This is getting very close to fit a single 3090 with 24gb VRAM :)

originalvichy 3 hours ago | parent | next [-]

Yup! Smaller quants will fit within 24GB but they might sacrifice context length.

I’m excited to try out the MLX version to see if 32GB of memory from a Pro M-series Mac can get some acceptable tok/s with longer context. HuggingFace has uploaded some MLX versions already.

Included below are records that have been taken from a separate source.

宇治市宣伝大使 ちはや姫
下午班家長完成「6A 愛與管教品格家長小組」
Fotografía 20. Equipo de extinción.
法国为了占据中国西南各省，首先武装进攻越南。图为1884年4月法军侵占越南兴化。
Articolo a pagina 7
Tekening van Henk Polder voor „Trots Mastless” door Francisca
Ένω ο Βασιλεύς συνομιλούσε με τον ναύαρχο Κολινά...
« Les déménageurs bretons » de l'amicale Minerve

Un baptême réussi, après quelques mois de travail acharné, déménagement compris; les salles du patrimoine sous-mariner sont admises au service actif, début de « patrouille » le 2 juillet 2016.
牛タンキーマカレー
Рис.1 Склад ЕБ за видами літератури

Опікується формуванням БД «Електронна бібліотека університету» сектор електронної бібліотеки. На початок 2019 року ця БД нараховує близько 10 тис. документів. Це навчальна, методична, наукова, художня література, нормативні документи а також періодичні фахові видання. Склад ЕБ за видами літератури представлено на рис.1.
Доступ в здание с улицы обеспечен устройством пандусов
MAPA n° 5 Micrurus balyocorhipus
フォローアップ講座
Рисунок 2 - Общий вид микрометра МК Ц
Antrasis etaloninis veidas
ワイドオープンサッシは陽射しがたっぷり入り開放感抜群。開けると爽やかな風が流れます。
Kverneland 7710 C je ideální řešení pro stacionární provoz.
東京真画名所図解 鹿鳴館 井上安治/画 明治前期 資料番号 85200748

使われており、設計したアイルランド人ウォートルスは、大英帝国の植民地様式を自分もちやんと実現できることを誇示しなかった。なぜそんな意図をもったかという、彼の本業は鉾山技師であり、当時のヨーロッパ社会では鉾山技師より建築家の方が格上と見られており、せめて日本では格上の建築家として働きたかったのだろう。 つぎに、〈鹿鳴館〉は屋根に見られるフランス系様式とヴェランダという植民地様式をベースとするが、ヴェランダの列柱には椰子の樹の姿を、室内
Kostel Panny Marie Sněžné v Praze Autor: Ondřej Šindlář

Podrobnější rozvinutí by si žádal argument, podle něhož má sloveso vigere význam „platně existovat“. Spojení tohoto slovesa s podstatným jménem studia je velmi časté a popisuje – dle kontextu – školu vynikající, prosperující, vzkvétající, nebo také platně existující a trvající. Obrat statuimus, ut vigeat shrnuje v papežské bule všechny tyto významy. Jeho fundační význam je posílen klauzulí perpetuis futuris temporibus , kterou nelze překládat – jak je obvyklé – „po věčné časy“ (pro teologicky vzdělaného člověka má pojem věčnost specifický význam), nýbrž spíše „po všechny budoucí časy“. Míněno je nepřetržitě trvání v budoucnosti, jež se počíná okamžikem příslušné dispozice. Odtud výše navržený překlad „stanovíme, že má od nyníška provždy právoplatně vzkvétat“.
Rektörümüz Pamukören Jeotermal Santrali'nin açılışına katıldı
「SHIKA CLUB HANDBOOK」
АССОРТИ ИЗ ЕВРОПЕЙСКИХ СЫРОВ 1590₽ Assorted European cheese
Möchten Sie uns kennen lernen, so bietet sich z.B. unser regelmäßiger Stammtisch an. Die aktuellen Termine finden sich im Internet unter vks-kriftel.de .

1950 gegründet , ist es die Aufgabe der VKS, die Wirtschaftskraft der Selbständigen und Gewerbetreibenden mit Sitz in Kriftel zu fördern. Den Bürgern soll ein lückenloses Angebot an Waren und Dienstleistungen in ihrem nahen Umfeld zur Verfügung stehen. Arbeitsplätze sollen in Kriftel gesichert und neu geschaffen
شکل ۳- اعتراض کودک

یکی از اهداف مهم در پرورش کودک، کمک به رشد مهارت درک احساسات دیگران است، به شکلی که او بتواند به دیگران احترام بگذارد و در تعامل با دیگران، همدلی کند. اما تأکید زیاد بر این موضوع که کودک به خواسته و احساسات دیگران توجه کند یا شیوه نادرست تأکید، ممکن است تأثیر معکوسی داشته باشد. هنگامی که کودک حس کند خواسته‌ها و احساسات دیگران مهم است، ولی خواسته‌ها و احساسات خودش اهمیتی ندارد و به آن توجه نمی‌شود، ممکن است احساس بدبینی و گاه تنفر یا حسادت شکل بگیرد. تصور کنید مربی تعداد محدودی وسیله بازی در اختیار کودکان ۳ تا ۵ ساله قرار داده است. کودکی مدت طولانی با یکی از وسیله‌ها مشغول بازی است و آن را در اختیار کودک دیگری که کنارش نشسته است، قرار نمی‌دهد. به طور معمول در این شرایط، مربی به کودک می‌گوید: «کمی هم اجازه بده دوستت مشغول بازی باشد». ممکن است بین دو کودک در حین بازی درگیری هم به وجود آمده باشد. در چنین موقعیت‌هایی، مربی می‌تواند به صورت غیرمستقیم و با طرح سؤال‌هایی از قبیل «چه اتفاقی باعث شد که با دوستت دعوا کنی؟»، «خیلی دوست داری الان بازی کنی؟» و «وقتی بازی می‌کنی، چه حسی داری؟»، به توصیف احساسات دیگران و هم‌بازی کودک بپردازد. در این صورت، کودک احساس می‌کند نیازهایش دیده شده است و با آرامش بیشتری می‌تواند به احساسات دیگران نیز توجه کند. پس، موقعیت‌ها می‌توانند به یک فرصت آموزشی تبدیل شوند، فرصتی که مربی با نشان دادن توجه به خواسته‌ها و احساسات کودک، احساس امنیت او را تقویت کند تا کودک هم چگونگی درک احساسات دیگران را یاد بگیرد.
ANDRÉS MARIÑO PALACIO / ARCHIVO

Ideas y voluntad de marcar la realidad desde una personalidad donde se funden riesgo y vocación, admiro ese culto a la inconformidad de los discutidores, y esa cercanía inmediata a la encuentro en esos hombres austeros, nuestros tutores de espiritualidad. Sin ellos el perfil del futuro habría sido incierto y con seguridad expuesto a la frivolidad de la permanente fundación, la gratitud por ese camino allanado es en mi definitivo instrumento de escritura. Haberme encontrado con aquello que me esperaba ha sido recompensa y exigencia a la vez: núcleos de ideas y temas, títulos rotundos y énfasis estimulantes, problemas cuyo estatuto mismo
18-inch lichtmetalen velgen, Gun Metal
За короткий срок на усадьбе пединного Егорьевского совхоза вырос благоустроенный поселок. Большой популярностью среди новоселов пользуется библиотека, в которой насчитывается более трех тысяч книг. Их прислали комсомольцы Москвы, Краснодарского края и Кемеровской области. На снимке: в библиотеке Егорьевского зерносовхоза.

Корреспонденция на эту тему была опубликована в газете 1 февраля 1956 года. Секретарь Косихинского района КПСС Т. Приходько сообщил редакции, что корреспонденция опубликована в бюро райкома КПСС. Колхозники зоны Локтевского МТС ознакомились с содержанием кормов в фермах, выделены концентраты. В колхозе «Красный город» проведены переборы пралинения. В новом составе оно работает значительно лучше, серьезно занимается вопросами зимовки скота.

	▲	donmcronald 2 hours ago \| parent \| next [-]
		I have an Mini M4 Pro with 64GB of 273GB/s memory bandwidth and it's borderline with 3.5-27B. I assume this one is the same. I don't know a ton, but I think it's the memory bandwidth that limits it. It's similar on a DGX Spark I have access to (almost the same memory bandwidth). It's been a while since I tried it, but I think I was getting around 12-15 tokens per second an that feels slow when you're used to the big commercial models. Whenever I actually want to do stuff with the open source models, I always find myself falling back to OpenRouter. I tried Intel/Qwen3.6-35B-A3B-int4-AutoRound on a DGX Spark a couple days ago and that felt usable speed wise. I don't know about quality, but that's like running a 3B parameter model. 27B is a lot slower. I'm not sure if I "get" the local AI stuff everyone is selling. I love the idea of it, but what's the point of 128GB of shared memory on a DGX Spark if I can only run a 20-30GB model before the slow speed makes it unusable?
	▲	ycui1986 2 hours ago \| parent \| prev [-]
		32GB RAM on mac also need to host OS, software, and other stuff. There may not even be 24GB VRAM left for the model.

▲

GaggiX 3 hours ago | parent | prev [-]

At 4-bit quantization it should already fit quite nicely.

▲

Aurornis 2 hours ago | parent [-]

Unfortunately not with a reasonable context length.

	▲	kkzz99 2 hours ago \| parent \| next [-]
		It really depends on what you think a reasonable context length is, but I can get 50k-60k on a 4090.
	▲	GaggiX an hour ago \| parent \| prev [-]
		The model uses Gated DeltaNet and Gated Attention so the memory usage of the KV cache is very low, even at BF16 precision.